Ten years after devolution was described as "a process, not an event", the Scottish Executive's White Paper "Choosing Scotland's Future" discusses the various options for continuing the process of devolution in Scotland.

The options considered by the White Paper include the following-:

  • An enhancement of the current devolution settlement, with additional powers being assumed as the occasion arises;
  • A significant redesign of the current settlement, with specific extensions to the Scottish Parliament's and Scottish Executive's current powers, possibly including fiscal autonomy; or
  • A full transfer of powers to the Scottish Parliament and the Scottish Executive to the point of independence.

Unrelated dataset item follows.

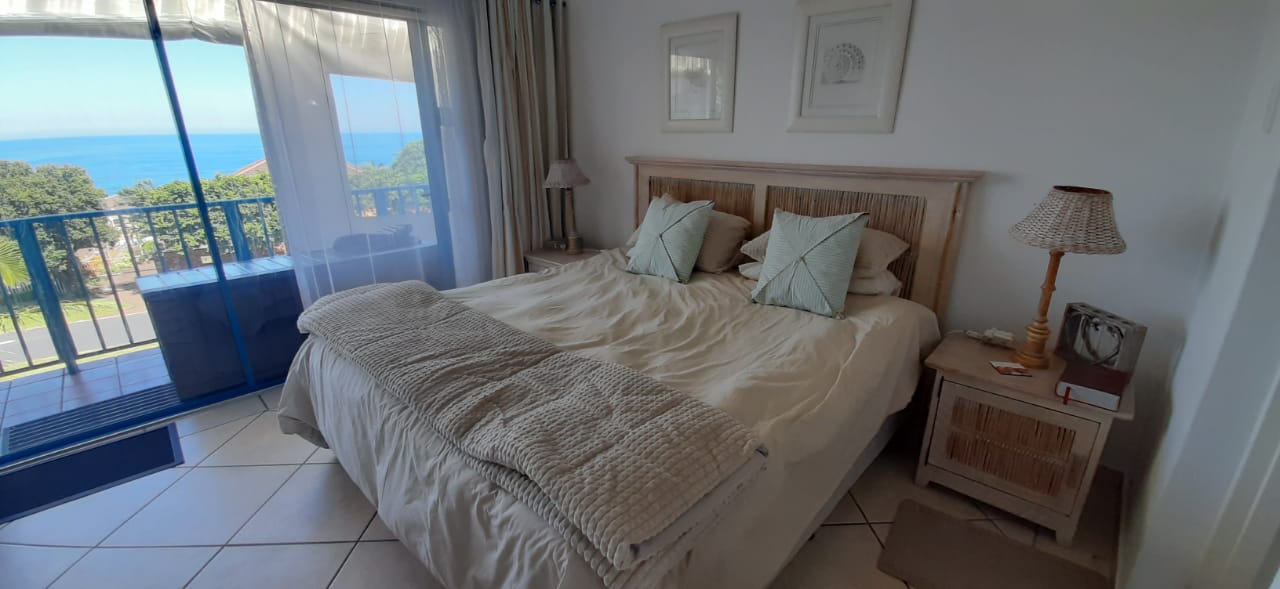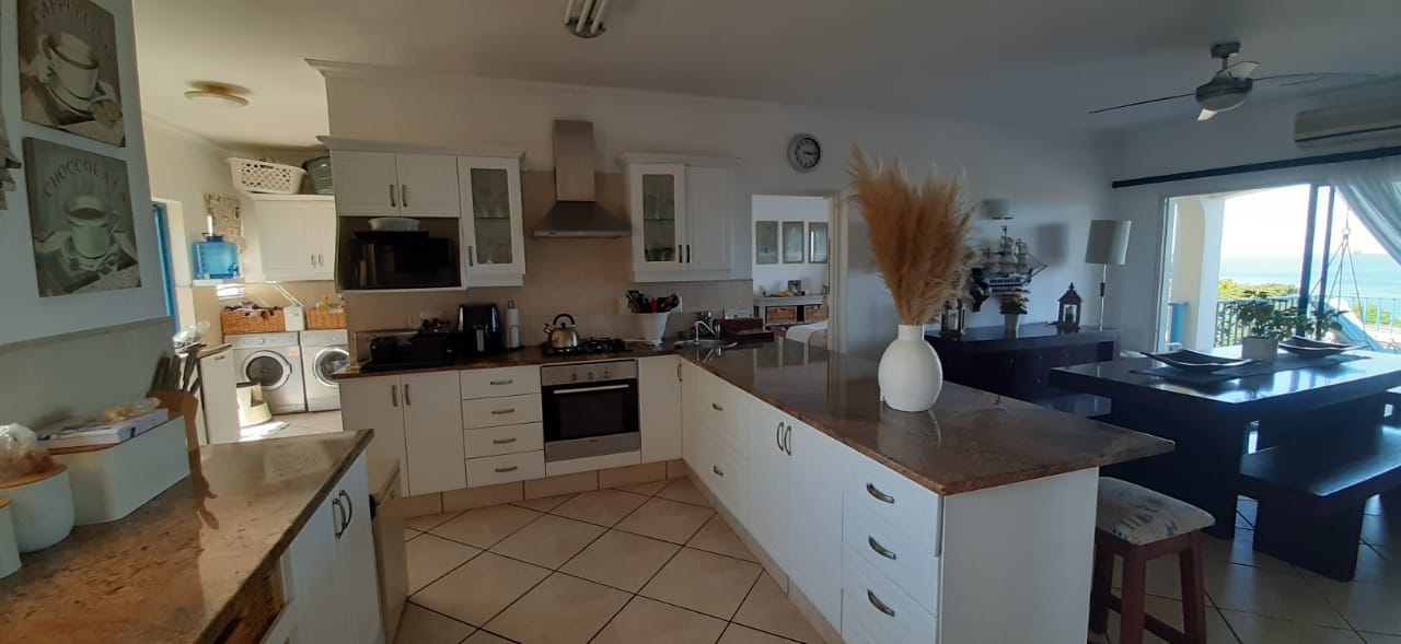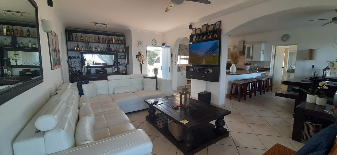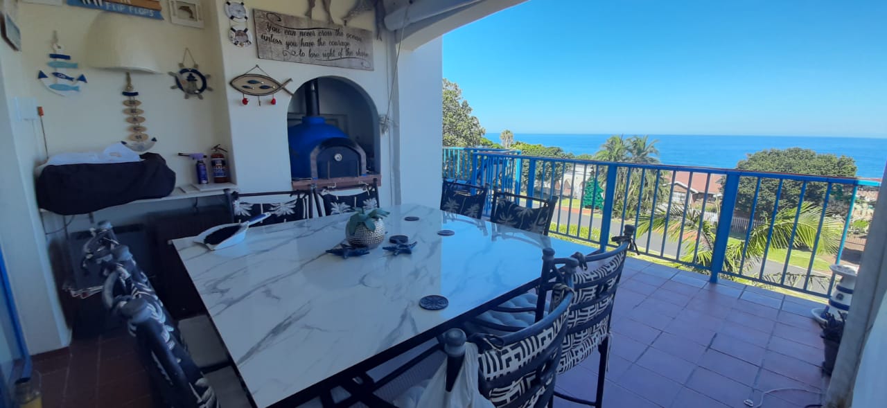 This exceptional penthouse is ideally located in a popular, well-maintained complex in Uvongo and offers outstanding space, style, and value. The modern open-plan kitchen features granite countertops, ample cupboard space, room for all appliances, and a large separate scullery. It flows seamlessly into the spacious lounge and dining areas, perfect for comfortable living and entertaining. The lounge, dining room, and two of the four bedrooms open onto a large patio with built-in braai and pizza oven, offering beautiful sea views. A section of the patio is fitted with PVC sail covers for all-weather enjoyment. The unit offers four well-sized bedrooms, including two en-suite, plus an additional bathroom. One bedroom enjoys its own private patio. A built-in inverter provides essential backup power, while the double lock-up garage with cupboards ensures secure parking and extra storage. The complex features a communal pool, kiddies’ pool, clubhouse, children’s play area, and braai facilities set among large trees. A well-priced, standout penthouse in a sought-after coastal location—don’t miss this opportunity.

The third option is the preference of the SNP-led Government. Under that option, the White Paper envisages dissolution of the 1707 Union, but maintaining the 1603 Union of the Crowns. The Queen would remain Head of State in Scotland. It is also recognised that there would still be a 'social union' between Scotland and the rest of the United Kingdom, with many cross-border services continuing.

Upon the basis that sovereignty ultimately resides with the Scottish people, the Executive proposes that a referendum would be held to seek the consent of the Scottish people to start negotiating Scotland's exit from the United Kingdom. The White Paper has a draft Referendum (Scotland) Bill appended to it, which includes a proposed question for such a referendum. It is recognised in the White Paper that a 'yes' vote for independence would not result in the unilateral secession of Scotland from the United Kingdom. As was recognised in Canada in the late 1990's, when Quebec held an independence referendum, the territory leaving the union has a duty to negotiate its exit with the state it is leaving.

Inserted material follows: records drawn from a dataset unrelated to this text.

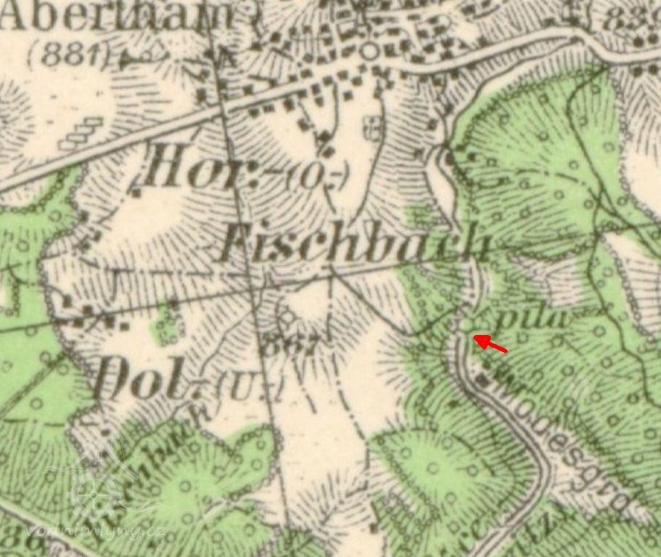 V roce 1930 byl majitelem pily Alfréd Wüst, Fischbach 16. Potok se nazýval Červená Bystřice.
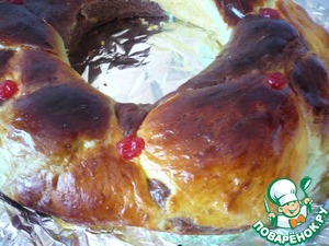 Разогрейте духовку до 170 градусов. Поднявшийся за это время венок смажьте яйцом и поставьте в духовку. Выпекайте 30 минут.
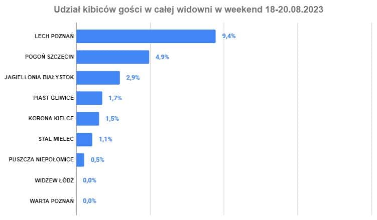 Procentowy udział kibiców gości w całej widowni
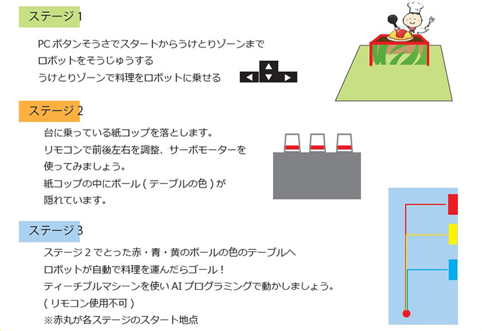 その料理を運ぶまでの流れは生徒にプログラミングを組んでもらいます。
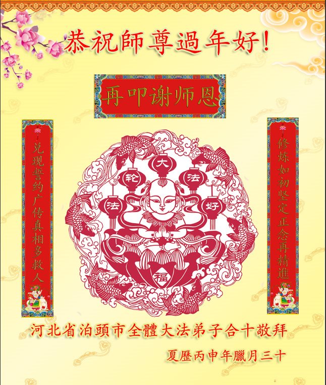 在中國傳統新年到來之際,邢台市橋東區一學法小組大法弟子恭祝師父新年快樂!給師尊拜年!
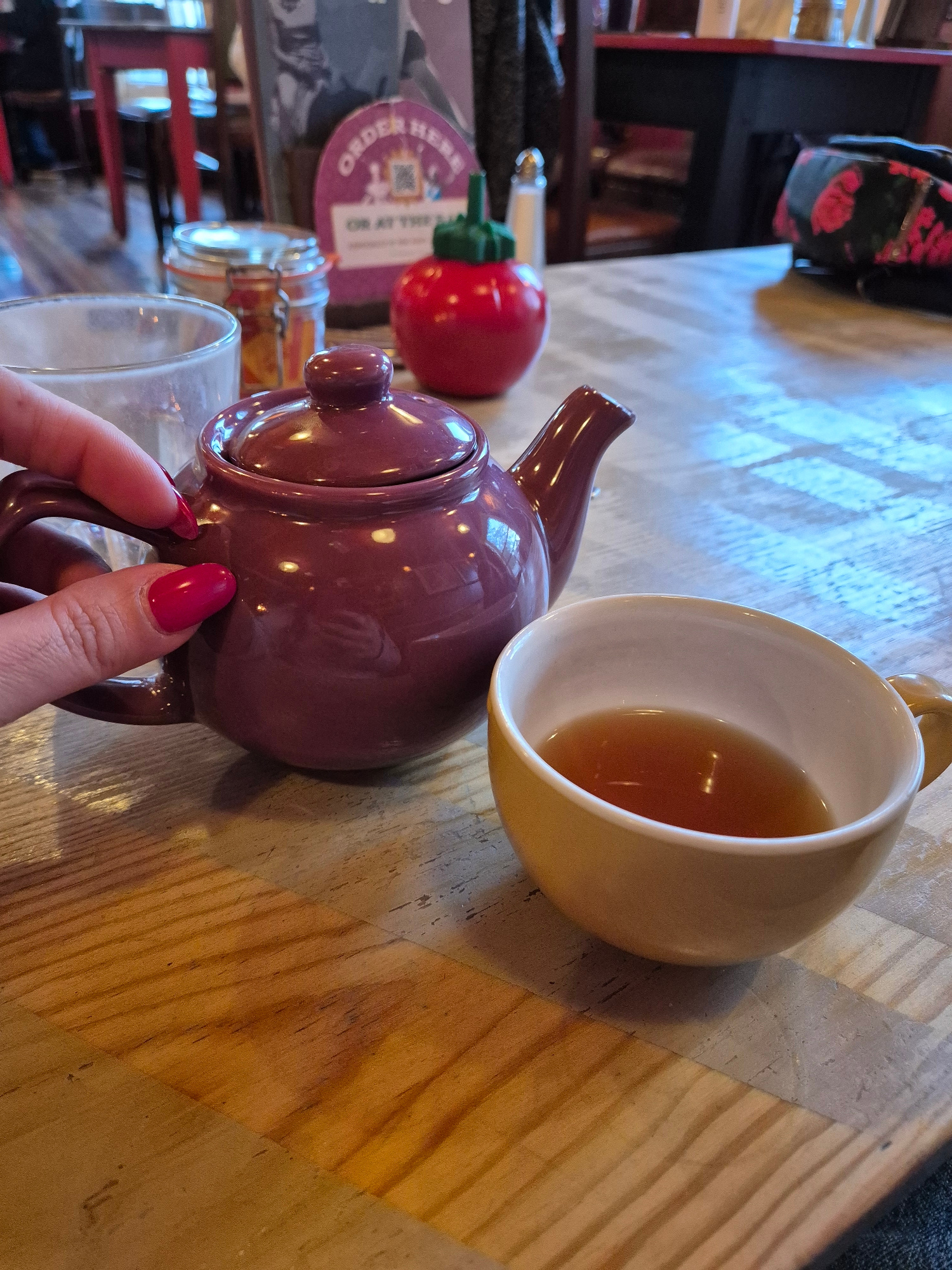 The image depicts a tea service on a wooden table. A partially filled yellow teacup rests on the table beside a dark purple teapot. A hand with red nail polish is holding the teapot's handle. Other ob…read more

Independence would see the Scottish Parliament and Scottish Executive becoming responsible for defence, foreign affairs and economic policy. These are areas which could not practically be transferred to Scotland under any devolution settlement. However, if the current devolution settlement were to be significantly redesigned (short of full independence), many other powers could be transferred to Scotland, including, amongst others, fiscal autonomy, criminal justice matters currently reserved, such as misuse of drugs and control of firearms; as well as social security, health and safety, energy and the environment.

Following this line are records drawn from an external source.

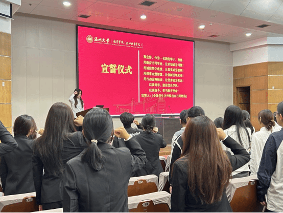 25级新生代表温同学以“以青春之名,赴学风之约”为主题发言,郑重承诺:”我们将恪守学术规范,拒绝投机取巧;保持求知热情,主动向学向上;珍惜课堂时光,尊重知识价值。” 随后,她带领全体参会学生进行学风建设宣誓——“用勤奋书写学业,让求知成为习惯!用诚信坚守底线,让真实成为准则!用探索点燃智慧,让创新引领未来!用行动诠释师表,让优秀成为常态!” 全体学生举起右拳,誓言铿锵,青春的脸庞上写满坚定。这一幕生动诠释了91吃瓜 “以学生为主体,以实干为路径”的学风建设理念,与学院改革试点中”学生自主发展、师生共同成长”的目标高度契合。
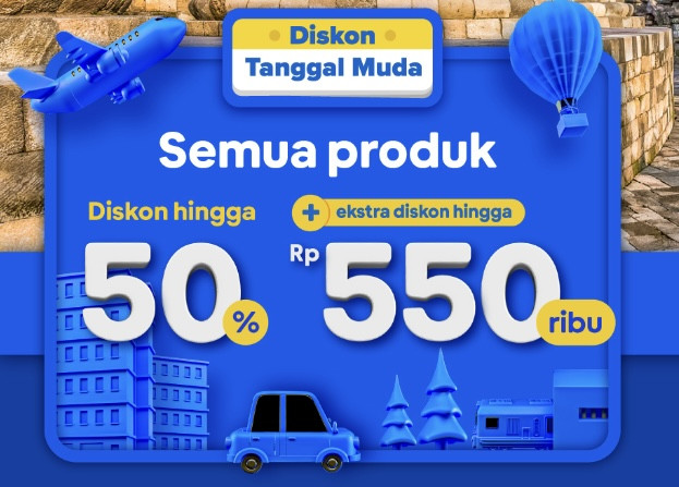 Tiket.com mengajak sobat tiket dapat menikmati promo Diskon Tanggal Muda (DTM) hingga 50% + ekstra diskon hingga Rp550.000 untuk semua produk mulai dari tiket pesawat, hotel, kereta api, To Do, event, sewa mobil, yang berlangsung dari tanggal 25 Januari hingga 3 Februari 2023.
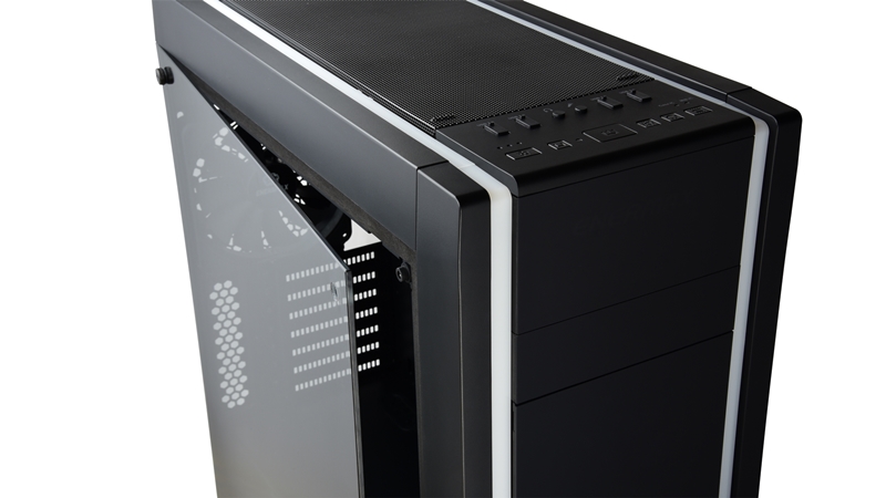 Das Saberay ist ein High-End-Gaming-Gehäuse mit integrierter RGB-Beleuchtung. Die ENERMAX LED-Lichttechnik bietet eine helle und gleichmäßige Ausleuchtung ohne sichtbare LED-Spots. Saberay bietet viel Platz und verschiedene Montagemöglichkeiten für komplexe Flüssigkeitskühlkreisläufe. Das Panoramafenster ist aus 4 mm starkem, gehärtetem Glas, das den Blick auf die Hardware freigibt. Das geradlinige Design und die eingebaute RGB-Beleuchtung machen es perfekt für Case-Mod-Projekte und Gaming-Rigs.
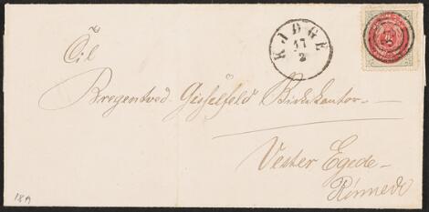 1870. 2 sk. Parstykke samt enkeltmærke på brev stemplet RANDERS 1/11 sendt til Lübeck. Enkeltmærke med få lidt afkortede takker.

The White Paper recognises that some of the currently reserved areas, such as foreign affairs, defence and currency, will be more difficult to transfer to Scottish control. However, it argues that many of the other reserved powers could be more easily transferred to Scotland and therefore allow the devolved administration more control over governing Scotland.

The stated aim of the White Paper is to start a national 'conversation'. The 'conversation' blog on the Scottish Executive website has already received 1,000 comments and it is planned to hold a number of public events to encourage participation. Whatever the final outcome, we are entering interesting waters in the story of our constitutional and political history.